*Task requirements*
Copy the material below verbatim from the line with "1934-35, 10th Anniversary" to the line with "Hand-made bleached kimono", both lines included, omitting pictures and every line outside that range.

*Provided data*
_ _ _ _ _ _ _

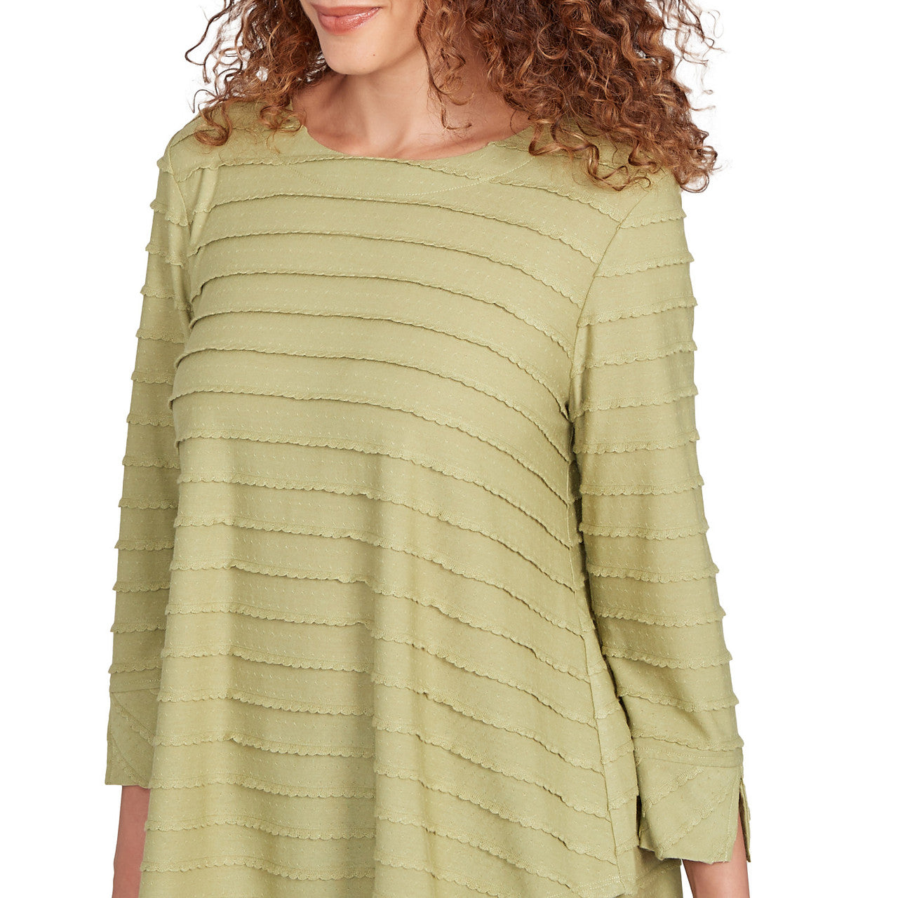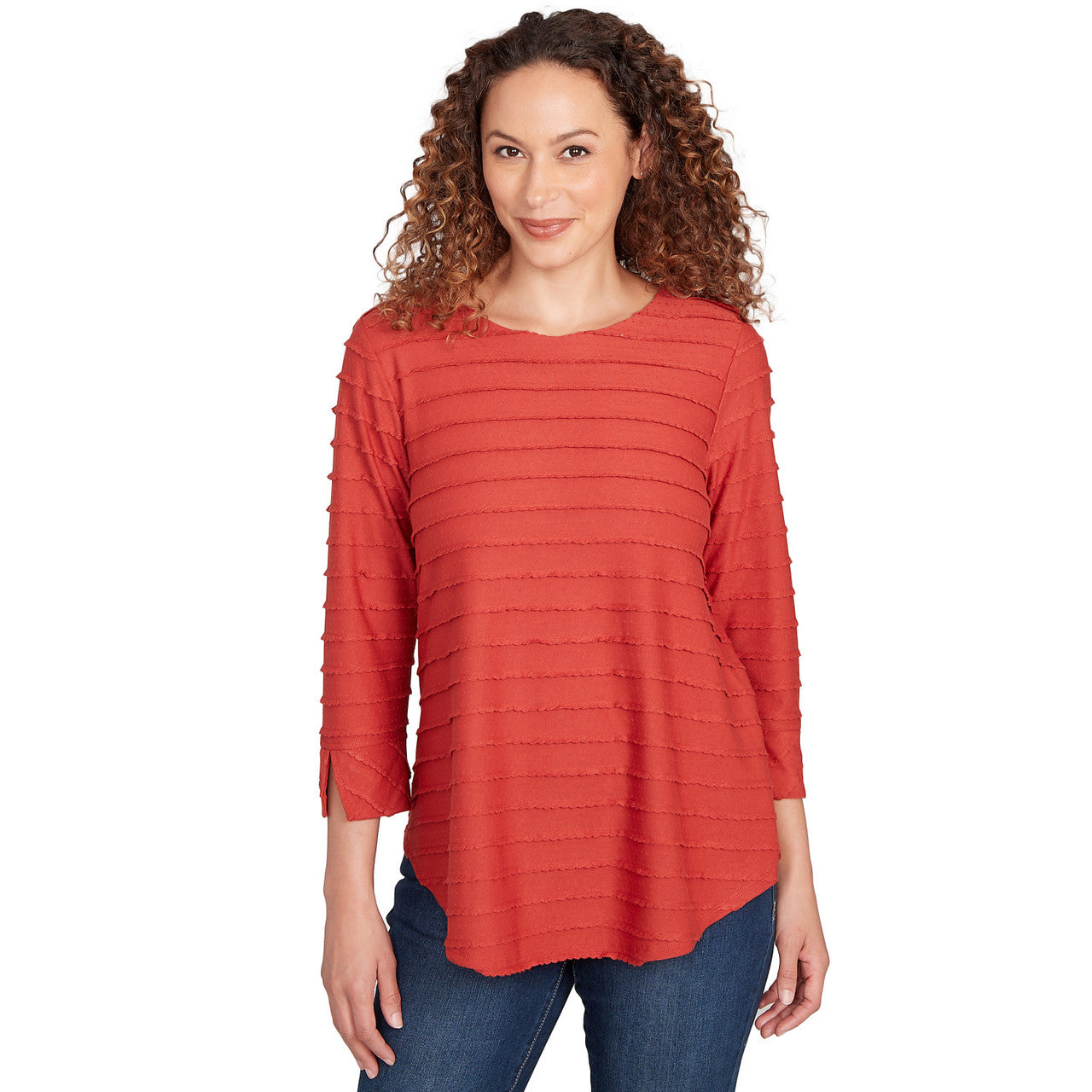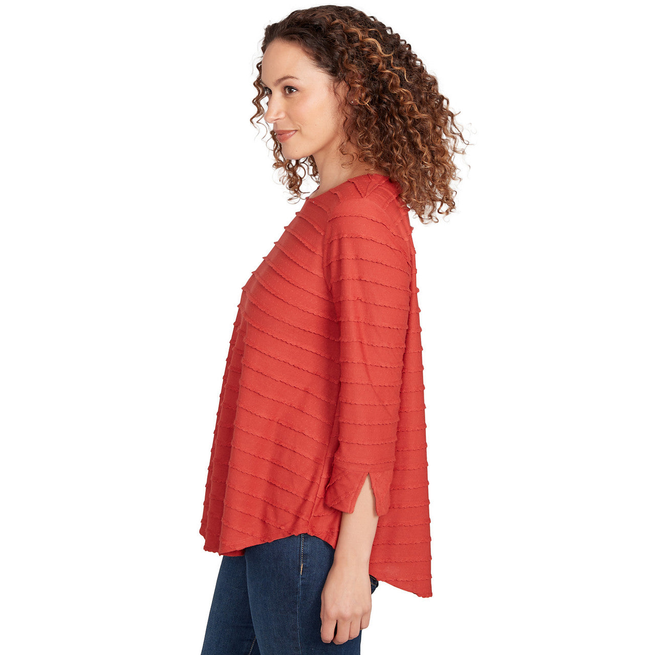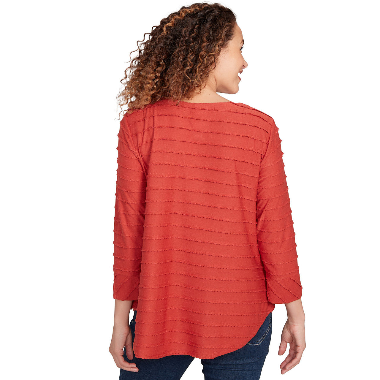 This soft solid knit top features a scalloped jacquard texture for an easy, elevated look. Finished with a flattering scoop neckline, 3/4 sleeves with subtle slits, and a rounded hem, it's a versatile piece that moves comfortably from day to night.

_ _ _ _ _ _ _

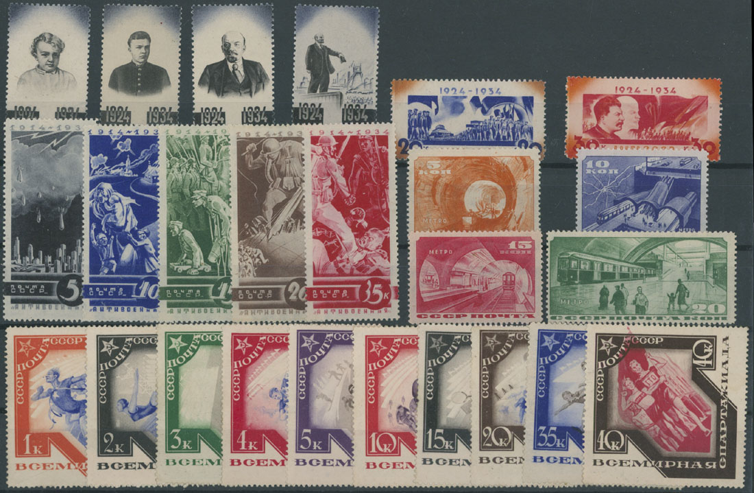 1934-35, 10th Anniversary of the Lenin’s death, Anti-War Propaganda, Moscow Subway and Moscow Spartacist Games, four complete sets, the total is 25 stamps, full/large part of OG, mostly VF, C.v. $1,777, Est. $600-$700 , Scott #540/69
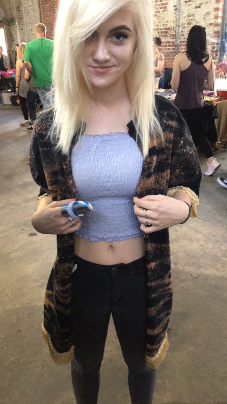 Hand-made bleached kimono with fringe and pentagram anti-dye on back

_ _ _ _ _ _ _

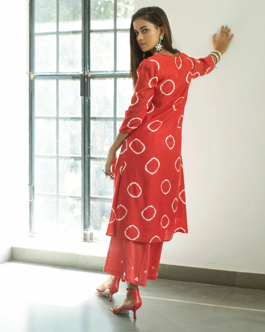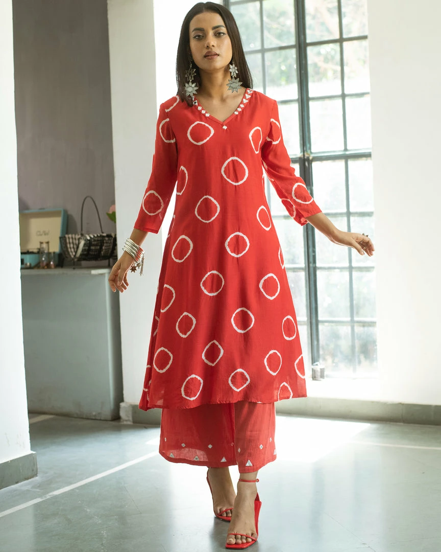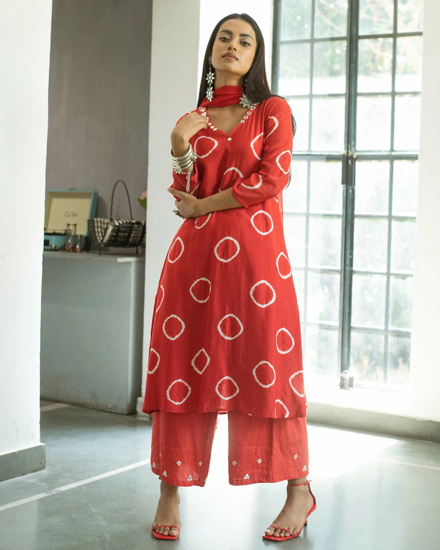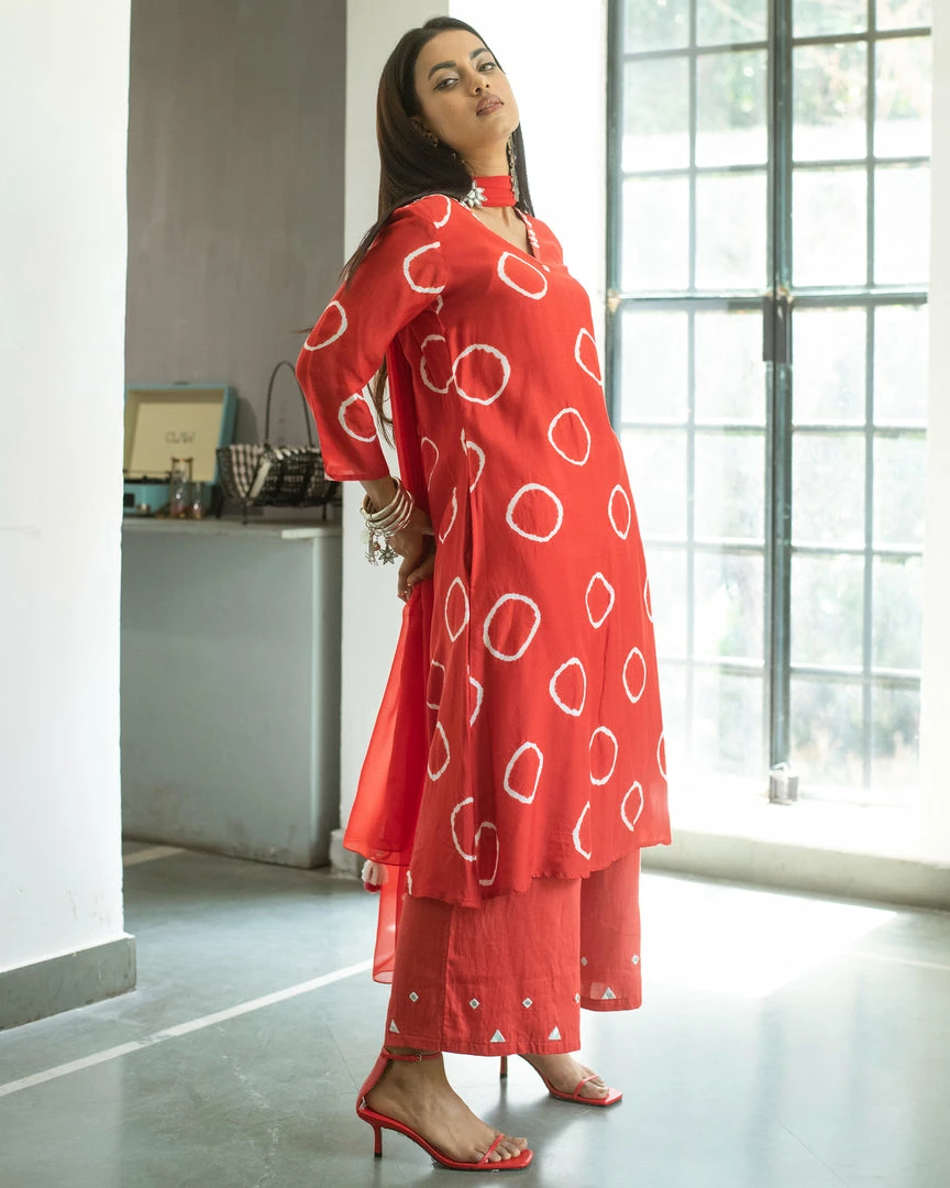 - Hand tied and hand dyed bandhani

_ _ _ _ _ _ _

*Expected output*
 1934-35, 10th Anniversary of the Lenin’s death, Anti-War Propaganda, Moscow Subway and Moscow Spartacist Games, four complete sets, the total is 25 stamps, full/large part of OG, mostly VF, C.v. $1,777, Est. $600-$700 , Scott #540/69
 Hand-made bleached kimono with fringe and pentagram anti-dye on back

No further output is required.